Na grande maioria, os indivíduos pós-modernos deixaram de pensar no outro e preferiram ser egoístas e egocêntricos. Pensamos pouco nos efeitos secundários dos nossos comentários e das nossas piadas, utilizando-as para evangelizar os públicos com as nossas tão meticulosas opiniões. Somos demasiado insulares nas nossas convicções. Preferimos magoar as crenças dos demais e as suas sensibilidades em vez de promovermos uma cultura de aceitação heterogénea.
No cinema, um comentário sobre esta sociedade em autêntica crise de valores ficou evidente no mais recente filme “Joker”, realizado por Todd Phillips. Nesta obra vencedora do Óscar de Melhor Ator para Joaquin Phoenix, do Óscar de Melhor Banda-Sonora Original e do Leão de Ouro no Festival de Veneza em 2019, há uma mensagem clara de que é importante cuidar das pessoas doentes em vez de julgá-las ou massacrá-las com comentários maliciosos. No nosso presente, mesmo as personagens ditas mais humanas poderão ser humilhadas pela sociedade. A fragilidade poderá conduzir consequentemente aos devaneios, à loucura e à vontade de destruir a sociedade, agora vista como um parasita. Arthur Fleck é alguém evidentemente massacrado nesta cultura, e responde à letra na criação de uma contracultura: a da violência.
Se recuarmos alguns anos no tempo, mais precisamente a 1974, descobriremos a obra “Lenny”, do sempre excêntrico Bob Fosse. Em vez de um musical com números exuberantes típicos à carreira deste cineasta, a proposta cinematográfica de Fosse vem na mesma linha deste comentário sobre a liberdade de expressão, embora de certo modo num sentido imediatamente oposto: da repressão e da falta de liberdades.
O filme é um drama inspirado em factos verídicos sobre o comediante real Lenny Bruce - a quem Joaquin Phoenix foi buscar alguma influência para o desenvolvimento do seu Joker -, encontrado morto na sua casa em Hollywood Hills, vítima de overdose acidental de drogas.
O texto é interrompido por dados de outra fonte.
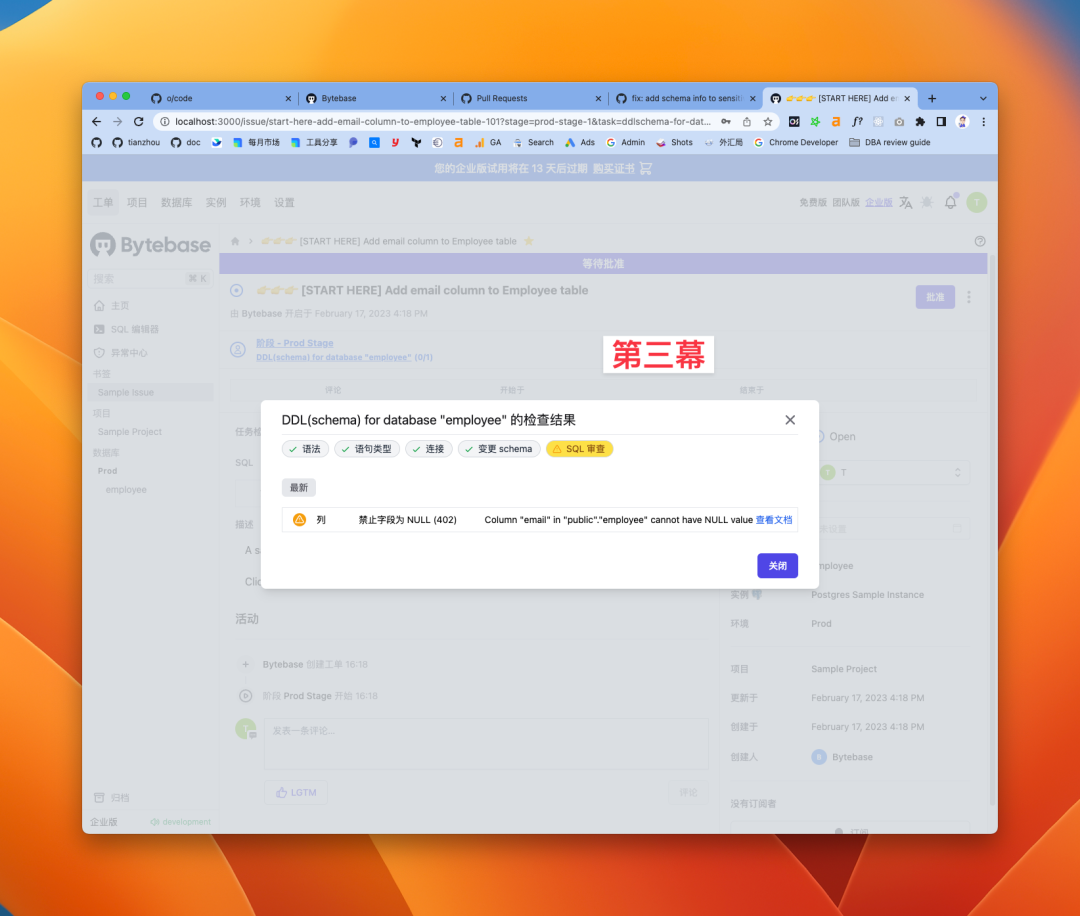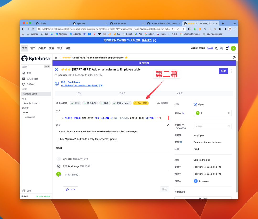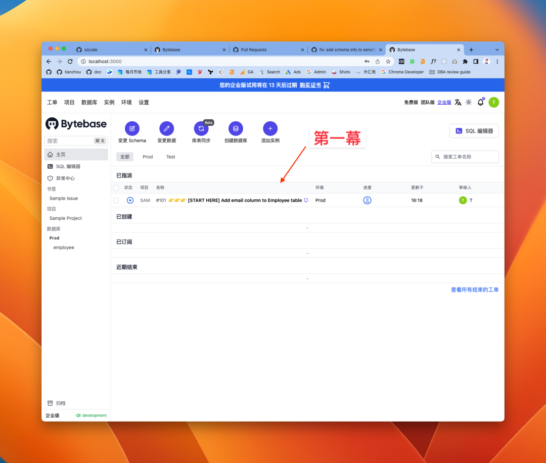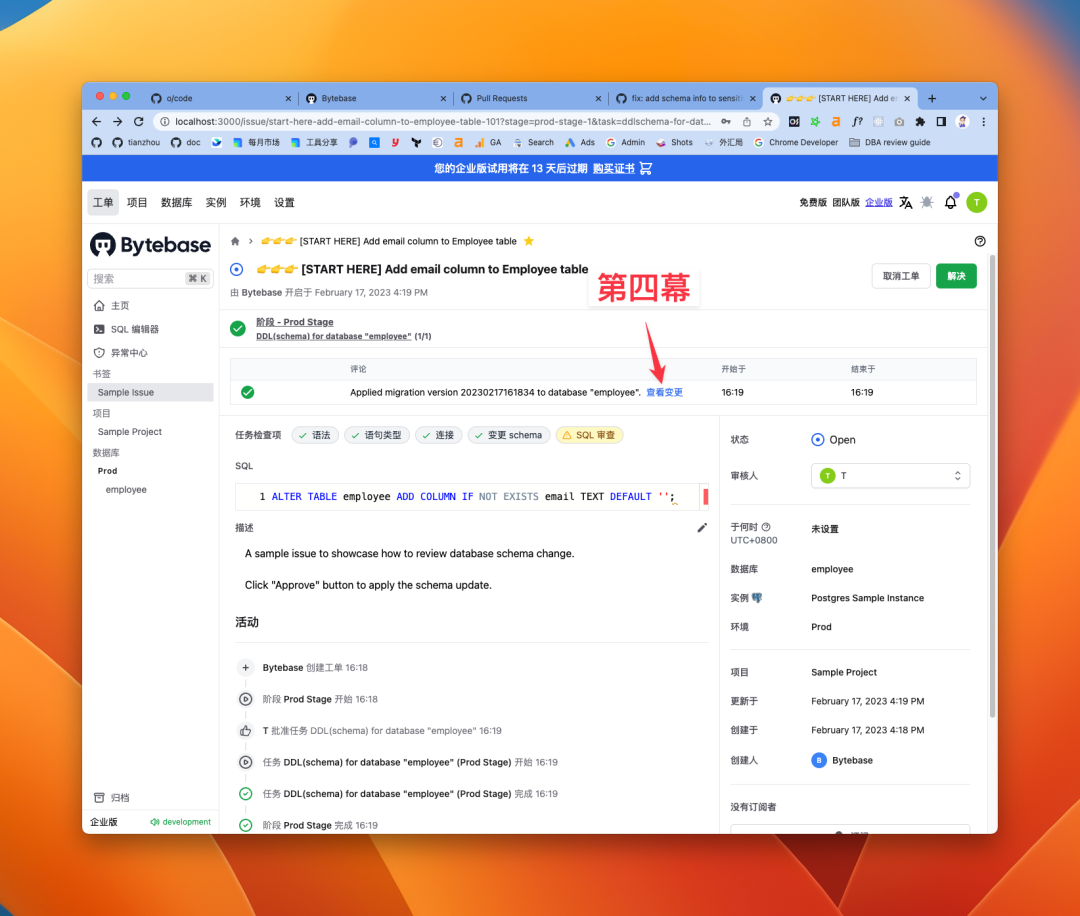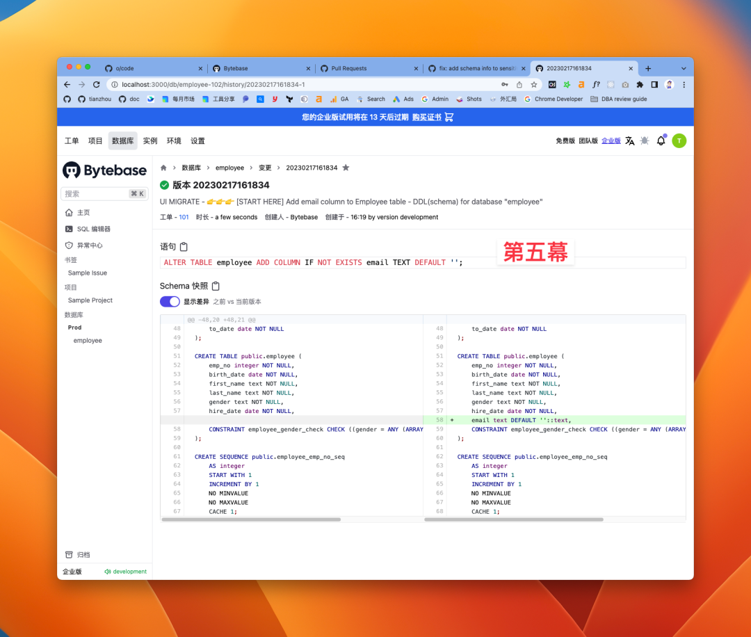 最后再说说上手教程的优化,这是第二版,之前的一版是强制用户需要完成上手教程。在上手过程中需要用户添加数据库实例,如果添加失败的话,再弹出是否要创建 Sample 实例的对话框。接着还要创建项目,转移数据库到项目里,才能开始做变更。整个流程前戏太长,所以这次调整成预先配置好了整个的实例和项目环境,用户一注册,就能立马体验到 Bytebase 的两大核心能力,变更和查询的一体化:

Alguns espectadores atuais conhecem-no como personagem da série “The Amazing Mrs. Maisel” da Amazon Prime Video, mas foi o filme de Fosse que melhor explorou os problemas decorrentes de um comediante controverso nos anos 50 e 60.
Lenny foi julgado e condenado várias vezes pelos Estados Unidos da América, esse seu país que se diz livre e que corrompe aqueles que vão além do politicamente correto, por utilizar a palavra como comentário e proclamação das hipocrisias americanas. Lenny não podia dizer o que dizia, e sofreu com isso (o perdão oficial do Estado veio postumamente). Quem fala de “Lenny” fala também de todo um conjunto de filmes do cinema clássico desde “O Grande Ditador” (1940), de Charles Chaplin à “A Quimera do Riso”, de Preston Sturges (1941). Todos eles procuram explorar a definição das liberdades e das suas sequelas sobre os sujeitos.
Portanto, se por um lado faz-nos mal a excessiva liberdade de pensamento e comentário, também faz mal a falta dela. Temos que procurar um equilíbrio, e é esse o equilíbrio que a sétima arte propõe. Mesmo que não interfira diretamente sobre as nossas atitudes, o cinema ainda nos poderá prevenir, e confrontar-nos com certas questões. Será que continuaremos a preferir julgar e apontar o dedo ao outro pelas suas escolhas sejam elas de ordem religiosa, política, cultural ou sexual? Conseguiremos ser engraçados por muito tempo dessa maneira? Poderemos ter piada? A liberdade de expressão deve ser preservada, mas a par da liberdade de expressão está também o respeito pelo outro. Para ter piada, os artistas precisam de entender que não é preciso magoar, não é mais bem-sucedido, aquele que fere os demais. Se os artistas e alguns filmes mais comerciais de Hollywood (aquelas comédias adolescentes disponíveis na Netflix) continuarem a ser assim, garanto-vos que não terá piada nenhuma.